Standardization for causal inference is a tricky business

This is an amazing question because it raises an unresolved issue at the heart of causal inference: What is a causally meaningful level of representation? The representation includes choosing variables and, as in your case, a suitable measurement scale. Standardization amounts to assuming that a re-scaled version of the measured data is more suitable. This may be justifiable for predictive tasks, but it becomes a lot more tricky in the context of causal inference. The scale of variables may contain useful information but it could also distort your results.

Information in the data scale

From a statistical perspective, you are right in observing that standardization would (in linear regression) affect only coefficient magnitudes, but not statistical significance. So if your method of causal inference only relies on significance, this is not a problem in the first place. However, the data scale (if it is known, as could be the case for example with count data) may hold useful information about the relationship between variables. This fact has been used for example by the winning submission to a competition on finding causal links.

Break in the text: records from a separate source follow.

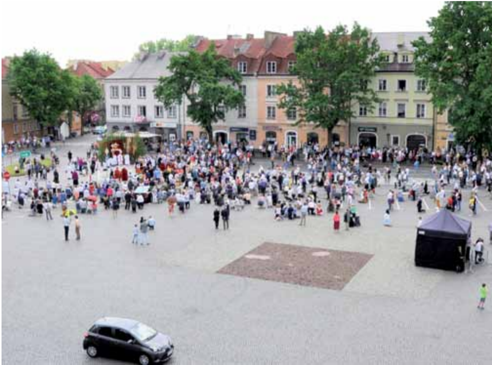
Stary Rynek w czasie procesji, która zatrzymała się przy drugim ołtarzu – widać, jak mało było jej uczestników i turystów – 1/4 tego, co w ubiegłych latach.
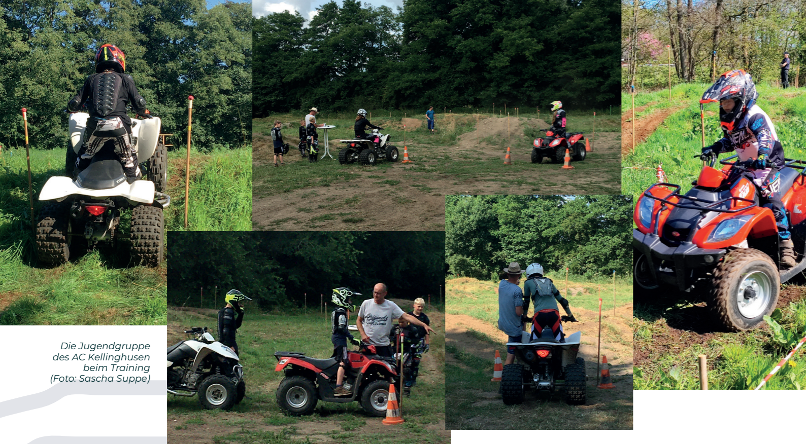
Die Jugendgruppe des AC Kellinghusen beim Training

Dieser QR-Code führt zu unserem WhatsApp Kanal
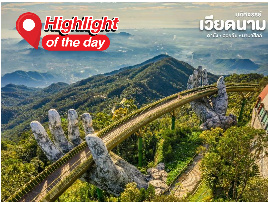
มหัศจรรย์ เวียดนาม คานัง • ฮอยอัน • บานาฮิลล์

นำท่านชม สะพานสีทอง สถานที่ท่องเที่ยวใหม่ล่าสุดตั้งโดดเด่นเป็นเอกลักษณ์อย่างสวยงาม บนเขาบานาฮิลล์ นำท่านสู่จุดที่สร้างความตื่นตะลึงให้นักท่องเที่ยวมองดูอย่างอึ้งการที่ซึ่งเต็มไปด้วยเสน่ห์แห่งตำนานจนถึงระทึกขวัญ สิ้นประสาทอีกมากมาย หรือ ซ้อปั้งซ้อของที่ระลึกภายในสวนสนุกอย่างจุใจและอีกมากมายที่รอท่านพิสูจน์ความมันส์กันอย่างเต็มที่ให้ท่านได้สนุกสนานไปกับเครื่องเล่นนานาชนิดอย่างจุใจ
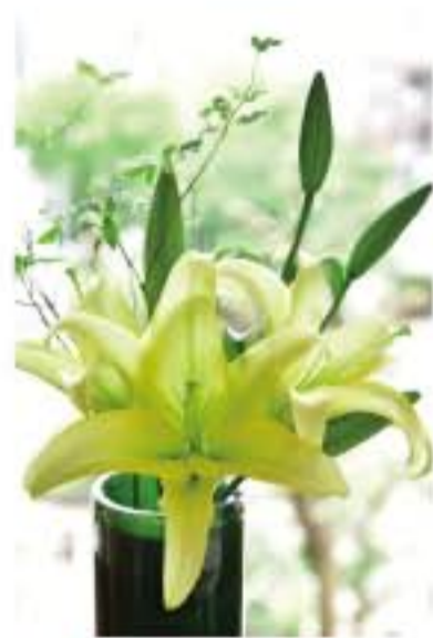
② イエローウィンとドウダン

The promise and pitfalls of scale-sensitivity

At the same time, attempting to use information in the data scale may change results in unintended ways. If a suitable data scale is not known, variables with scale-dependent properties such as high variance may come to dominate results (as would be the case e.g. for penalized regression). A recent work on synthetic data from causal models shows that many models produce data with strong scale patterns. These patterns are shown to dominate the performance of algorithms estimating causal structure and influence between variables. This might be a good thing if there was information in the data scale, but in the real world that is hard to be sure of. After all, many scales are arbitrary and who knows whether we should measure in meters or millimeters, pounds or kilogram, bitcoin or USD, and so on.

Take-away

Whether or not you should standardize depends on your method and your domain. If you are convinced that you know the right scale and there may be information in the raw coefficients, then using the original scale may give you additional insights. If you don't know the right scale and/or are not trying to use it, standardization is a good idea to reduce the risk that the data scale changes results in unintended ways.

Scriddie
  • 2,244
  • 6
  • 13